3. The method of claim 1, wherein the DRL agent provides autonomous control actions once abnormal conditions are detected.

4. The method of claim 1, wherein after an action is taken in the power grid a.sub.t a current state, the DRL agent receives a reward from the power grid.

5. The method of claim 1, comprising updating a relationship among action, states and reward in an agent's non-transitory memory.

6. The method of claim 1, comprising solving a coordinated voltage, line flows and transmission losses control problem.

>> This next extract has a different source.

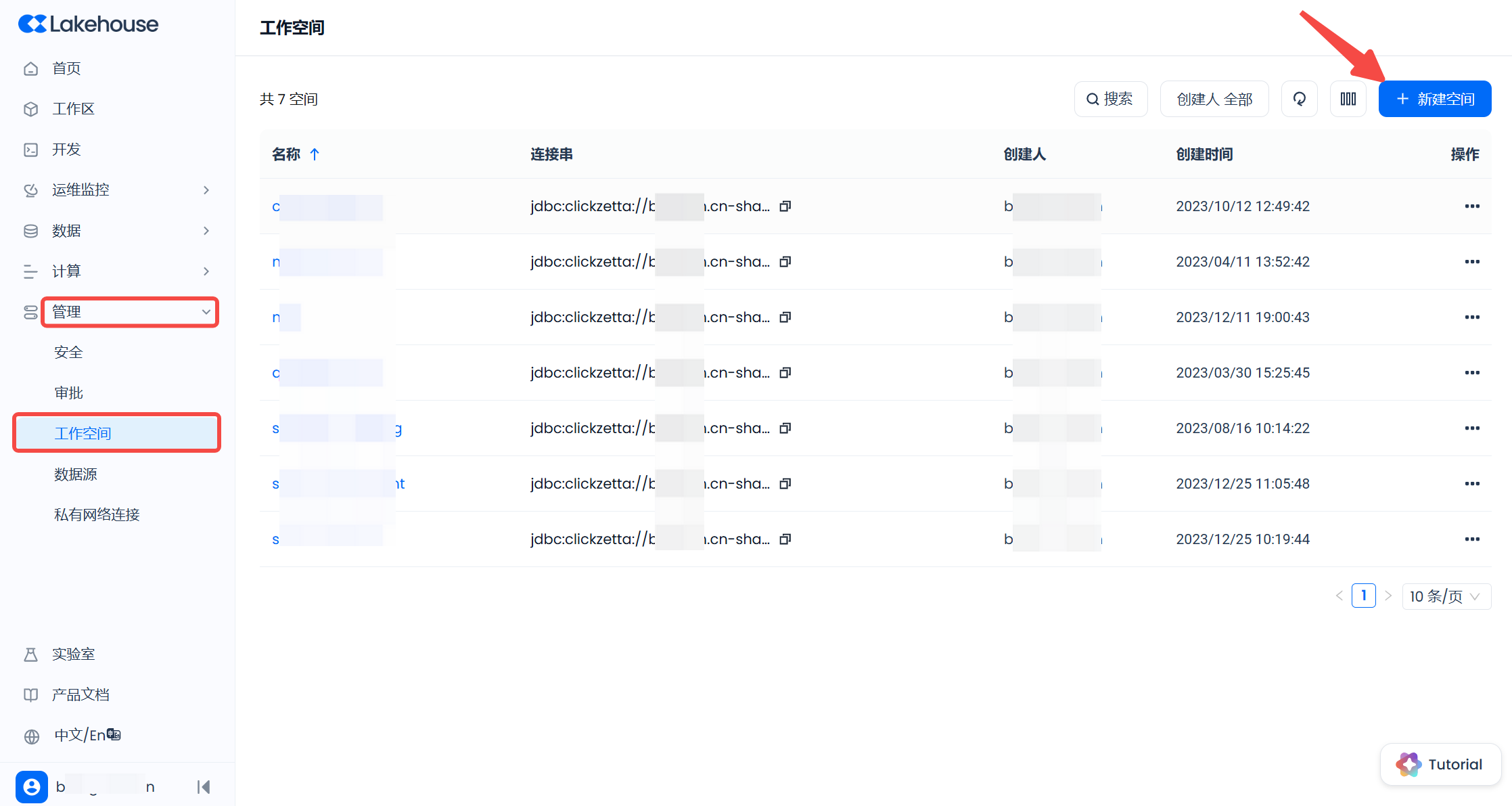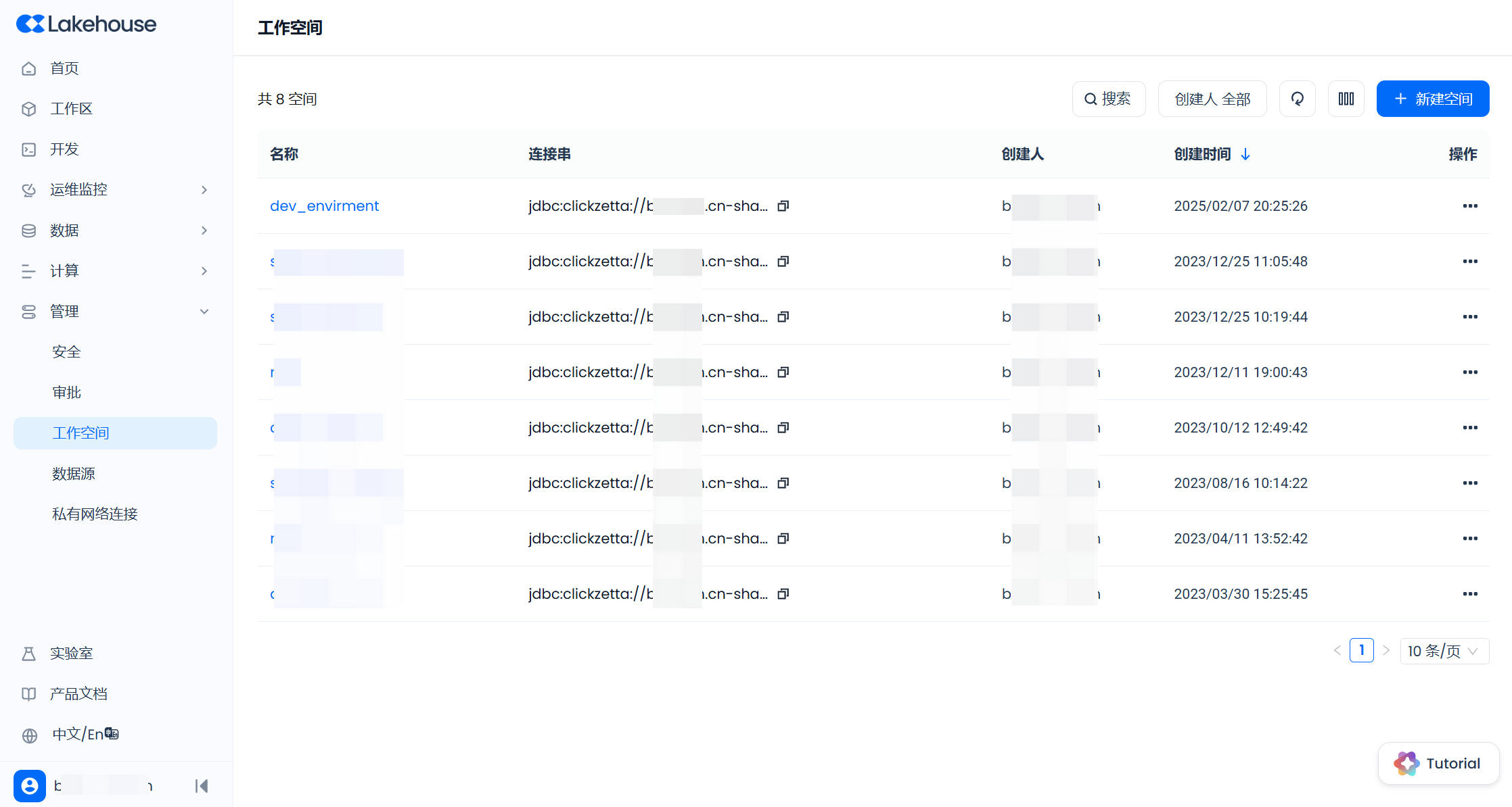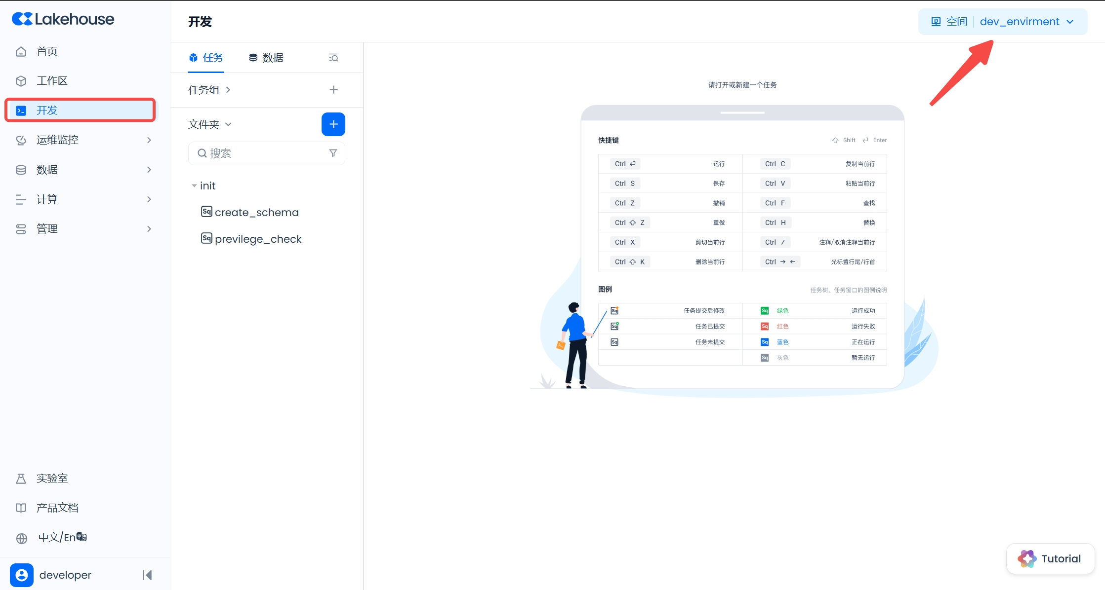 In Lakehouse, a workspace is used to isolate computing resources and data, forming a relatively independent data development environment to avoid resource conflicts or data misoperations. After opening a Lakehouse service instance, the system will create a workspace named quickstart by default. Here, to fully introduce the team usage method, we will create another workspace: dev_envirment:
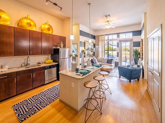 - Exterior features: , 12 Foot Living Room Ceilings, Business Center, Clubroom for resident event/party hosting, Deposit-Free Apartments, Energy-efficient, stainless steel appliances, Granite countertops and 42" European cabinetry, LEED certified community, On-site Relaxation Park, Package Receiving, Pet Friendly, Roman tubs in most units, Unique boutique hotel architecture, Virtual Community Tour, Virtual Floor Plan Tour, Walk-in showers in master bedrooms, Wood-style flooring

7. The method of claim 6, comprising performing a Markov Decision Process (MDP) that represents a discrete time stochastic control process.

8. The method of claim 6, comprising using a 4-tuple to formulate the MDP:
(S,A,P.sub.a,R.sub.a) where S is a vector of system states, A is a list of actions to be taken, P.sub.a(s, s′)=Pr(s.sub.t+1=s′|s.sub.t=s, a.sub.t=a) represents a transition probability from a current state s.sub.t to a new state, s.sub.t+1, after taking an action a at time=t, and R.sub.a(s, s′) is a reward received after reaching state s′ from a previous state s to quantify control performance.

9. The method of claim 1, wherein the DRL agent comprises two architecture-identical deep neural networks including a target network and an evaluation network.

10. The method of claim 1, comprising providing a sub-second control with an EMS or PMU data stream from a wide area measurement system (WAMS).

11. The method of claim 1, wherein the DRL agent self-learns by exploring control options in a high dimension by moving out of local optima.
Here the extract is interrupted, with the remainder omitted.